しかし、これは質問文の作り方がよくない。今は亡き安田三郎講師の「社会調査演習」の授業なら、「不正確ないしは意図的誘導の質問文」として落第点しか与えられないだろう。毎日の調査が、誘導を意図しているものとは思わない。そうではなくて、質問作成者自身が、特定秘密保護法の内容や問題点をよく理解していない。そのうえに熟慮の姿勢が足りないのがこの質問文となり調査結果となっている。
毎日の質問項目の全文は以下のとおり。
「政府は、外交や安全保障に関する国の秘密が漏れるのを防ぐ『特定秘密保護法』を制定しようとしています。重要な秘密を漏らした公務員らに最高で懲役10年を科す内容です。こうした法律は必要だと思いますか。思いませんか。」
調査対象者に、少なくとも次の大きな誤解を与える。
(1) 現在は重要な秘密を漏らした公務員らを罰する法律はないようだ。
だから、国の秘密はだだ漏れになっている現状があるにちがいない。
(2) この法律は公務員だけを処罰するもので、民間人には無関係のようだ。
だから、自分の権利や義務に関わるものではなく、他人事としてよい。
(3) この法律は、「重要な国の秘密の保護」というメリットだけをもたらすもののようだ。
デメリットなどは考えられず、法曹会や言論界に反対などあろうはずがない。
やや長文になるが、もっと正確に次のような質問項目とすべきであろう。そうすれば、調査結果は大きく違ったものになるはず。
「安倍内閣は、過去の自民党政権が何度もたくらみながら、世論の大きな反対にあってその都度潰されてきた『国家秘密の漏洩を厳罰をもって処罰する法律』案を今また制定しようとしています。『特定秘密保護法』と名付けられた今回の法案は、「国家秘密法」や「スパイ防止法」などと言われた過去の法案よりも、規制の網を広くかけ厳罰化するものとなっています。
法案は、外交や安全保障に関するものだけでなく、スパイ防止やテロ対策上の国家秘密を広く保護しようとするもので、その範囲の限定がないだけでなく、ことがらの性格上『何が秘密かは秘密』とならざるをえません。逮捕されて初めて、「あれが特定秘密だったのか」となり、自分の行為に法律違反があったことを知ることになります。
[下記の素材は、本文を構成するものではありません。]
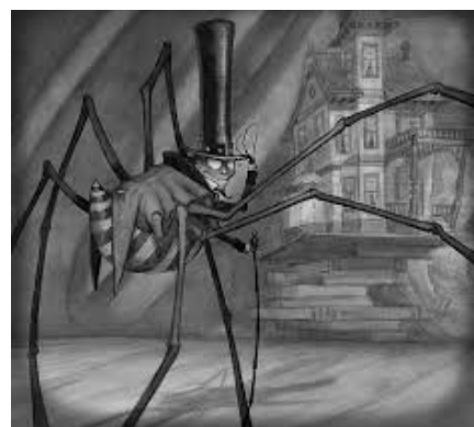
Рис. 4. Павук і його будинок.
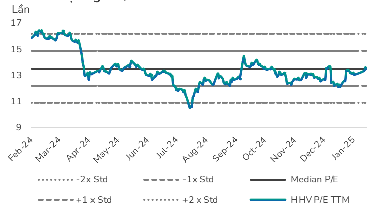
Hình 3: Định giá P/E của HHV
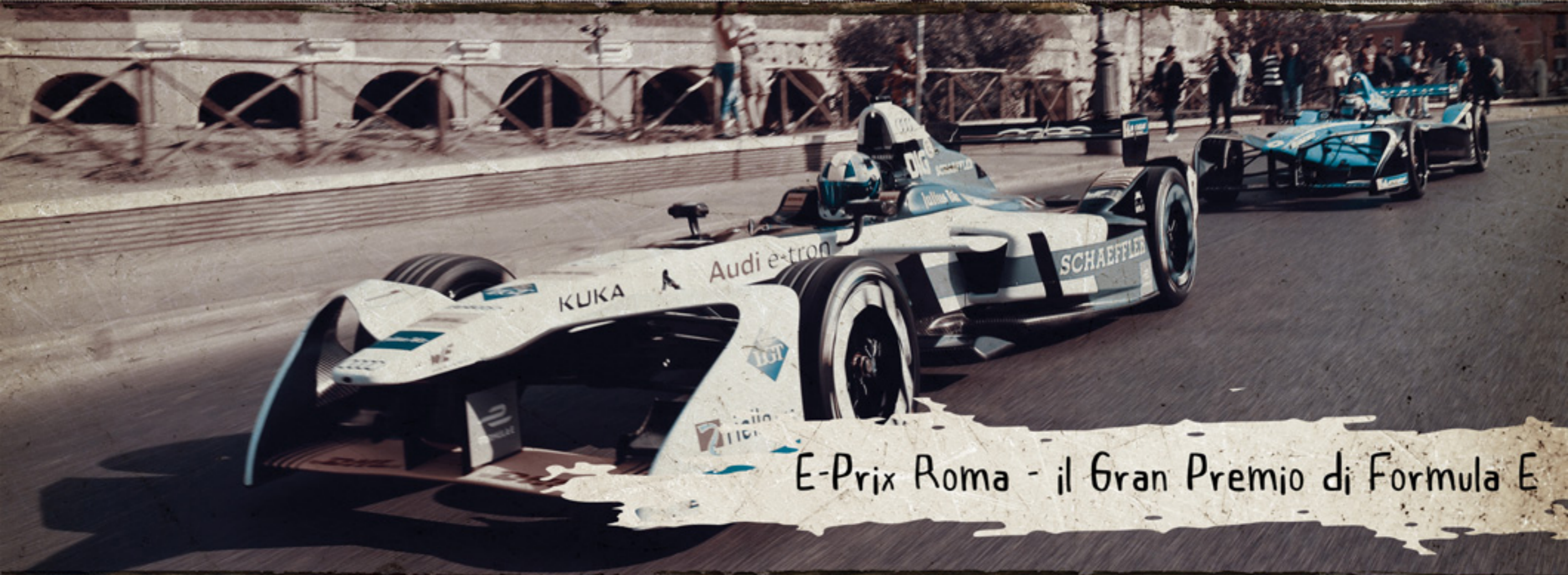
E-Prix Roma - il Gran Premio di Formula E
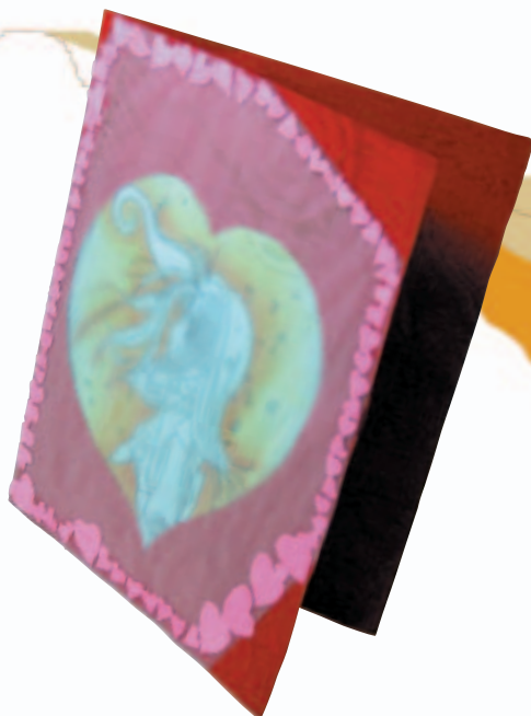
圖7 黃雅荅「這是在分手後，始終忘不了對方的深情卡片。分手後難免有些傷感，而秋天是富有詩意卻又蕭瑟的季節，落葉紛紛，充分的表現出無盡的思念。」

就畫兩個類似的人，她的檢討可以看出她選擇技法的過程，以及不斷修正的靈感。小臻的卡片是給她的偶像「土方歲三」(圖2)，他是誰呢？身為教師的我不了解，但是熱心的小臻不僅影印資料並告訴我，他是日本幕府時代新選組副長，是一位豪氣萬千的武士，在日本新政府軍進攻時，騎馬出陣並於交戰中在馬上中彈身亡，享年三十五歲。小臻怕他不諳白話文，還寫了一封國語文言文的信給他，這時如果我不識相的問他看得懂中文嗎，可能會被學生笑太不上道，所以我真心的讀了小臻的信：
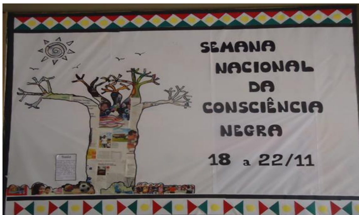
Figura 1 – Painel de entrada
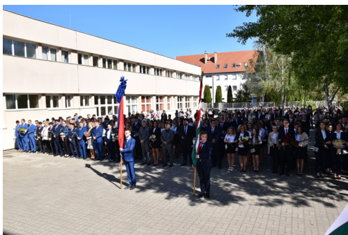
A végzős osztályok közös búcsúja.
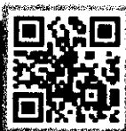
QR Code กำหนดการอบรม
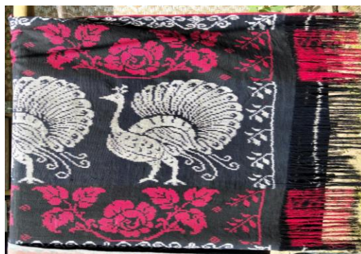
Gambar 1. Motif Merak

Warna-warna cerah pada bulu merak yang direpresentasikan dalam motif tersebut mencerminkan multiplisitas pengalaman spiritual yang dapat dicapai melalui kontemplasi estetik. Motif merak dalam konteks ini berfungsi sebagai objek kontemplasi yang memungkinkan orang untuk beralih dari partikularitas eksistensial menuju universalitas ide. Kain tenun bermotif merak sering digunakan dalam upacara pernikahan. Penggunaan ini tidak hanya untuk hal-hal yang bersifat dekoratif, tetapi juga menciptakan ruang untuk pengalaman estetik yang transformatif.
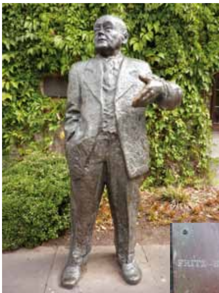
Abb. 15: Skulptur von Fritz Steinhoff vor dem Rathaus, 2018

Steinhoff war 1946 - 1956 und 1963 - 1964 Oberbürgermeister der Stadt Hagen, 1956 - 1958 NRW-Ministerpräsident. Seit den 50er Jahren wohnte er auf Ernst. 1967 wurde er Ehrenbürger der Stadt Hagen. Eine Infotafel vor seinem Haus und eine Gedenktafel im „Fritz-Steinhoff-Park“ neben dem Rahel-Varnhagen-Kolleg erinnern heute an ihn. Auch die erste Hagener Gesamtschule trägt seinen Namen.
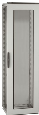
0 473 62
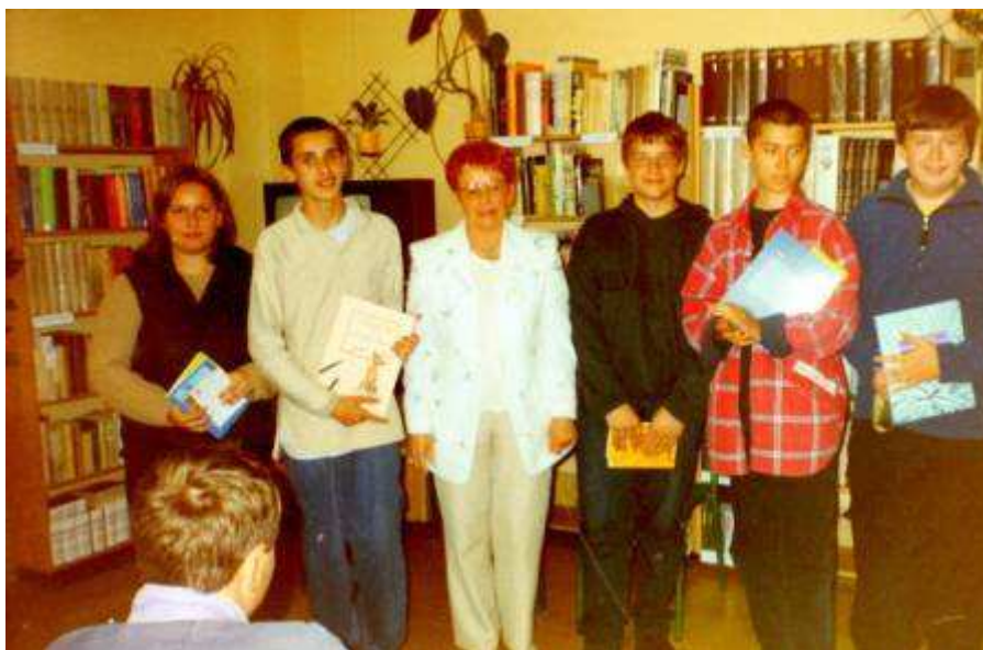
18 czerwca 2002 r. BAL ABSOLWENTÓW.
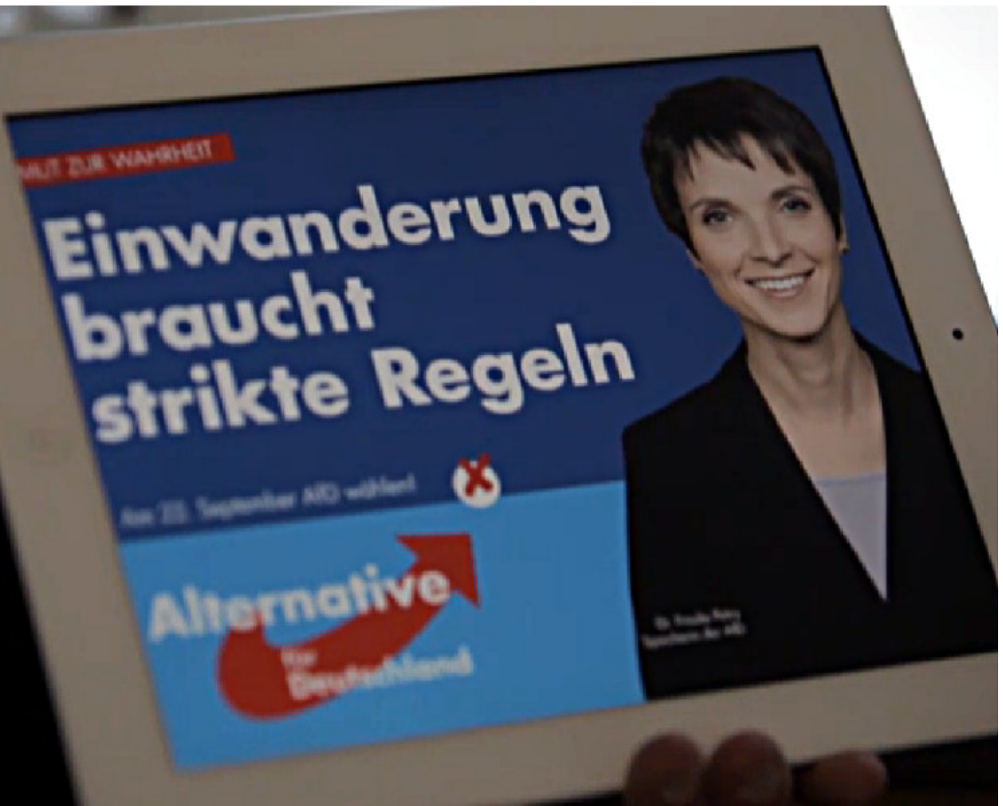
e Petry auf einem AfD-Wahlplakat.
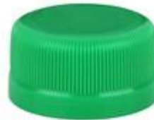
DS SUS 28/16 7084 SFB CSD2
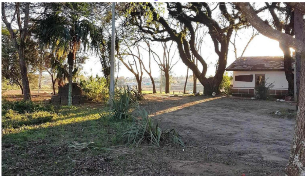
Escuela agraria utu zona
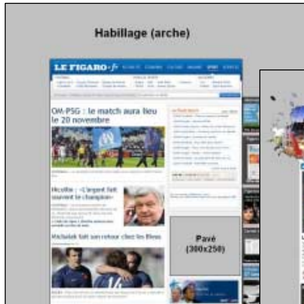
rubrique SPORT du figaro.fr
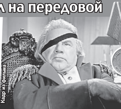
На войне Игорь Ильинский был рядовым фронтовой бригады. До звания фельдмаршала было еще 20 лет - фильм «Гусарская баллада», где он сыграл Кутузова, вышел в 1962 году.

Он не мог смириться с ужасами военной жизни - его пугала не столько опасность, сколько обыденность гибели: «...В враге я вижу наш исковерканный обгоревший танк. Он уже несколько дней стоит здесь. Я заглядываю внутрь и вижу обгорелый и обуглившийся труп, слившийся с рулевым управлением.
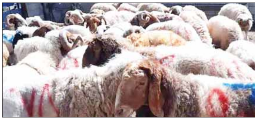
استعدادات وجهوزية في المسالخ لاستقبال ذبائح العيد

وشدد السالم على ضرورة توجيه المستهلكين إلى المسالخ المعمدة فقط، وتجنب الذبح العشوائي أو خارج النطاق الرقابي، لما قد يسببه ذلك من مخاطر صحية وبيئية، مؤكدا استمرار الحملات التوعوية والرقابية التي تنفذها الهيئة للمحافظ على جودة وسلامة اللحوم المتداولة في دولة الكويت.
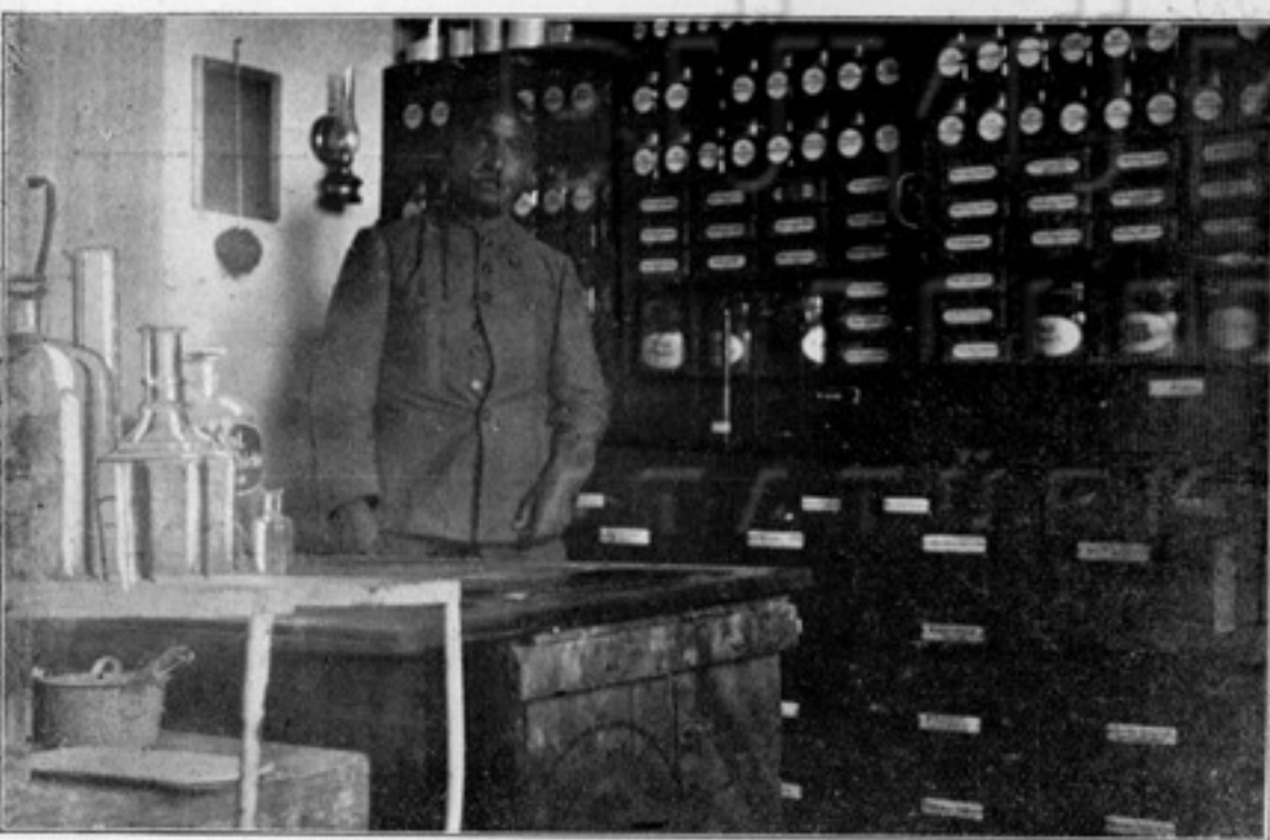
غریبانه ضمه خانه سنك اجراهانه داره سی

اوقدر قورلوتوفلامشکرکه لهجه ائنه توکنمش! ... بوندن باشقا بزم مفلس الدماغ اولدیفغیزی بی پروا اعلان ایدن او خاطر ناشناس معقبلمنه قارشی بز آرتیق ادباندن اولتی ادعاسنده بولوناییله جکمیدک ؟ هیچ اولمازسه کور کورلیمزدن استفاده ایتک ایچون بزله « ادبا معاونی » صفتیله اولسون « عالم قلمده بر کوشه جکیز کوسترمک ایسته مینلری تحسینه قاتیشماش بر حدناشناسلنی اولمازمیدی ؟
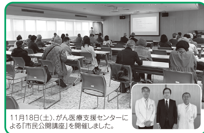
11月18日(土)、がん医療支援センターによる「市民公開講座」を開催しました。
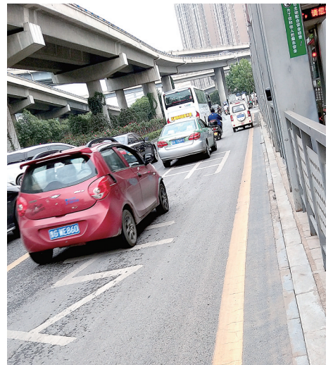
昨日, 南三环嵩山路口, 社会车辆闯入公交专用道
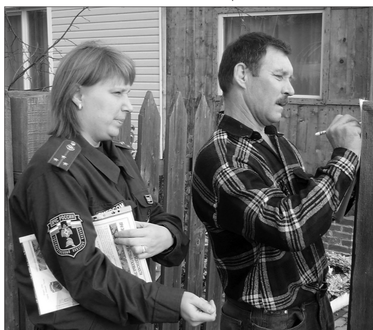
* Инспекторы обучают жильцов на улице Весенней.

Дверь к злополучным соседям была открыта настежь, жильцы не отвязались, но заходить туда не хотелось из-за резкого и неприятного затхло запаха. Таких квартир здесь хватает в каждом доме. Но среди
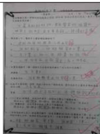
「有恆的手工書」學習單
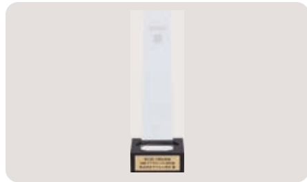
日経・FTグローバル特別賞 トロフィー
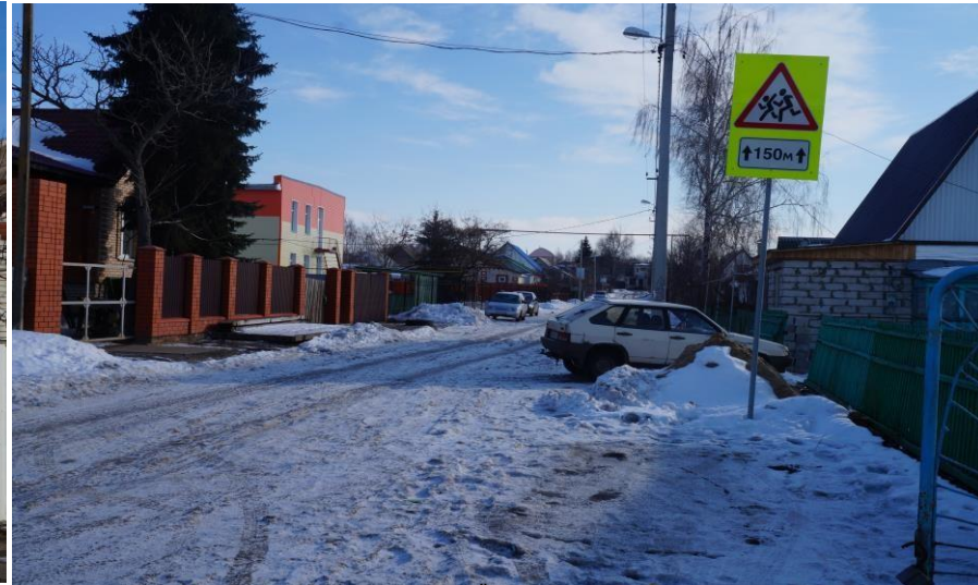
ул. Мира - подход с северной стороны
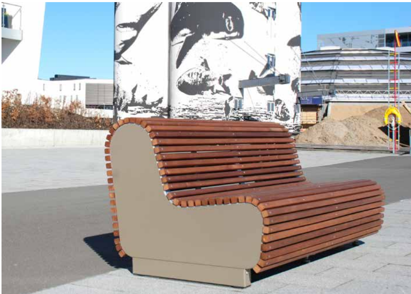
ByMunch Bænk 2, udført i valsede og varmgalvaniserede stålprolier, RAL-lakeret version
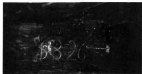
Letnica na nosilnem tramu v bajti

Mati Helena je umrla že leta 1816. Zapuščinsko obravnavo so začuda delali šele leta 1829. Njen delež so dedovale mladoletne hčere iz prvega zakona: Jera, 19 let
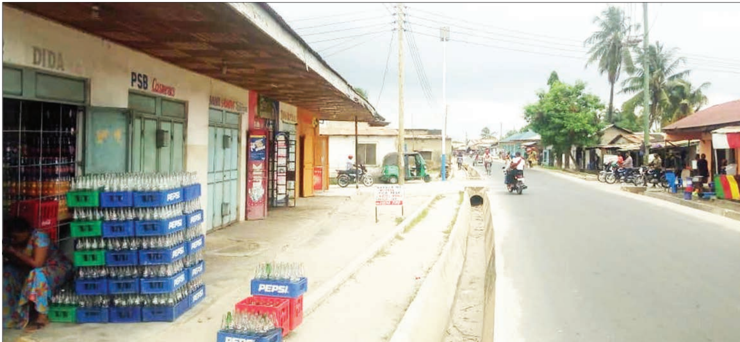
Sehemu ya mitaa ya Yombo Buza, Dar es Salaam, ikiwa katika maendeleo, miongo minne iliyopita ilikuwa pori.

mitaa marufu unaoitwa 'Maandazi Road' zao la foleni ndefu ya vibatari vya wauiza maandazi mahali hapo usiku, hata pakajijengea umaarufu na leo ni jina rasmi, sasa ikitimu zaidi ya miaka 40.
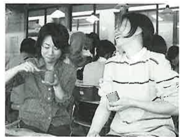
▲自分が作った酒器に思わず「にっこり」
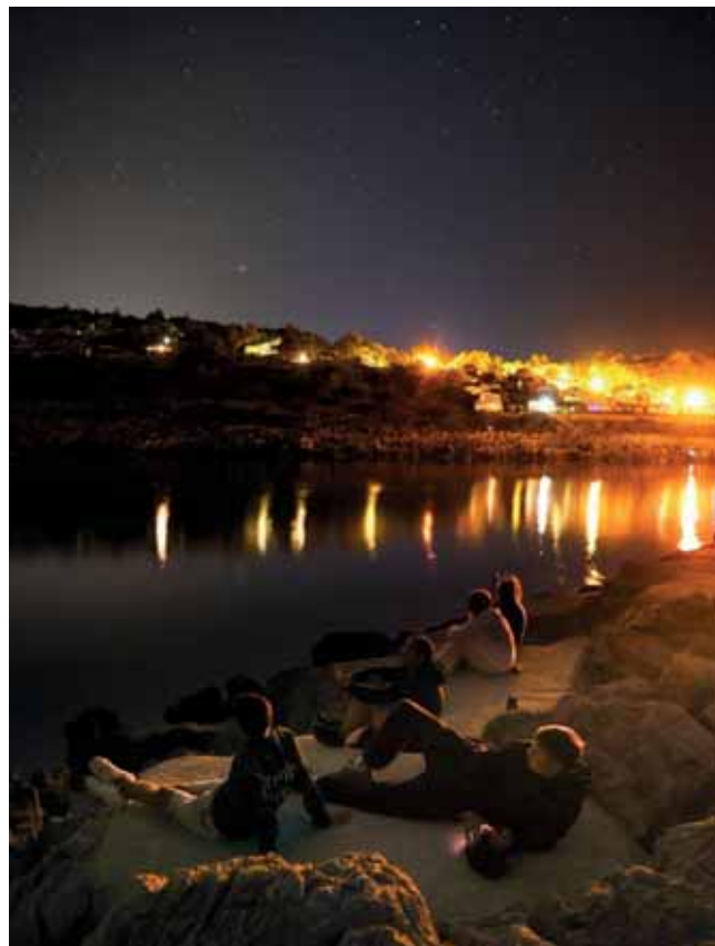
Ein Abend bei der Auslandsfreizeit

Eines der besonderen Highlights des Jahres 2025 war das Freizeit-Planungswochenende Anfang April. Dabei waren vier Freizeitteams anwesend und mit der Planung der jeweiligen Freizeit beschäftigt. Neben den Planungsphasen gab es immer wieder Zeiten für Austausch, Spiel und Spaß. Das Wochenende war ge-
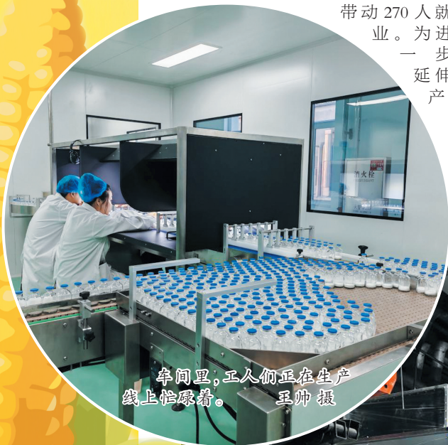
车间里,工人们正在生产线上忙碌着。

“坚持做大做强玉米深加工产业目标,园区集聚了玉米生物、医药化工企业34家,年转化加工玉米200万吨左右,创造价值70亿元,占园区总产值70%,已经成为推进全县经济社会发展的强劲动力。”通辽开鲁生物医药开发区经济发展与金融事务局局长高艳明满怀信心地说。
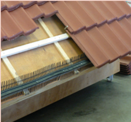
traditioneel dak met vogelschroot
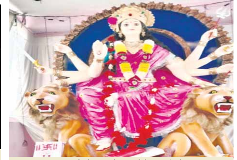
शारदा मंदिर रेणुका दुर्गा उत्सव समिति अंधा मोड़ रोड
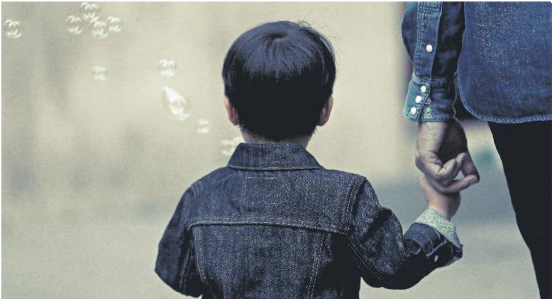
El Departament de Treball, Afers Socials i Famílies ha dissenyat un pla per aconseguir més famílies d'acollida.

» La Generalitat busca un centenar de famílies acollidores per a nens i nenes d'entre 0 i 6 anys

もちろん、裁判の過程でも秘密の保持は貫かれますから、弁護権の行使に大きな支障が生じます。
公務員だけでなく民間人でも秘密を知り得る地位にある者や、公務員から秘密事項を聞き出そうとした民間人も処罰対象となります。過失でも、未遂でも処罰されます。場合によっては、教唆の未遂すら処罰されます。
現行法でも、公務員の秘密漏示は最高刑懲役1年、自衛隊員の場合は最高5年となっています。それで特に不都合はないのに、一挙に重要な秘密を漏らした公務員らには最高で懲役10年、秘密を聞き出そうとした新聞記者にも懲役10年と重罰化しようとしているのです。
ですから、政府が間違ったことをしていても、これを知った公務員の勇気ある外部への公益通報は封じられます。なによりも、新聞記者が政府の独断専行に切り込むことに萎縮し、新聞記事の筆が鈍ることが心配になります。主権者としての国民の知る権利が損なわれれば、日本の民主々義が萎縮し歪められることにならざるを得ません。
こうした法律は必要だと思いますか。思いませんか。」
あらためて思う。「毎日」世論調査担当者の意識レベルがこの程度とすれば、秘密保護法の問題点の世論への浸透度は未だしである。「国民の知る権利を害し政府の独断専行を助長する」法案の問題点を執拗に訴え続けねばならない。
(2013年10月4日)
本日(10月3日)「日米安全保障協議委員会」(2プラス2)が共同文書を発表した。
内容は、臨時国会での安倍内閣のたくらみそのもの。さすがに明文改憲の共同謀議は公にされてはいないが、その余はすべて盛り込まれている。オバマ民主党政権は、日本国民の敵以外の何ものでない。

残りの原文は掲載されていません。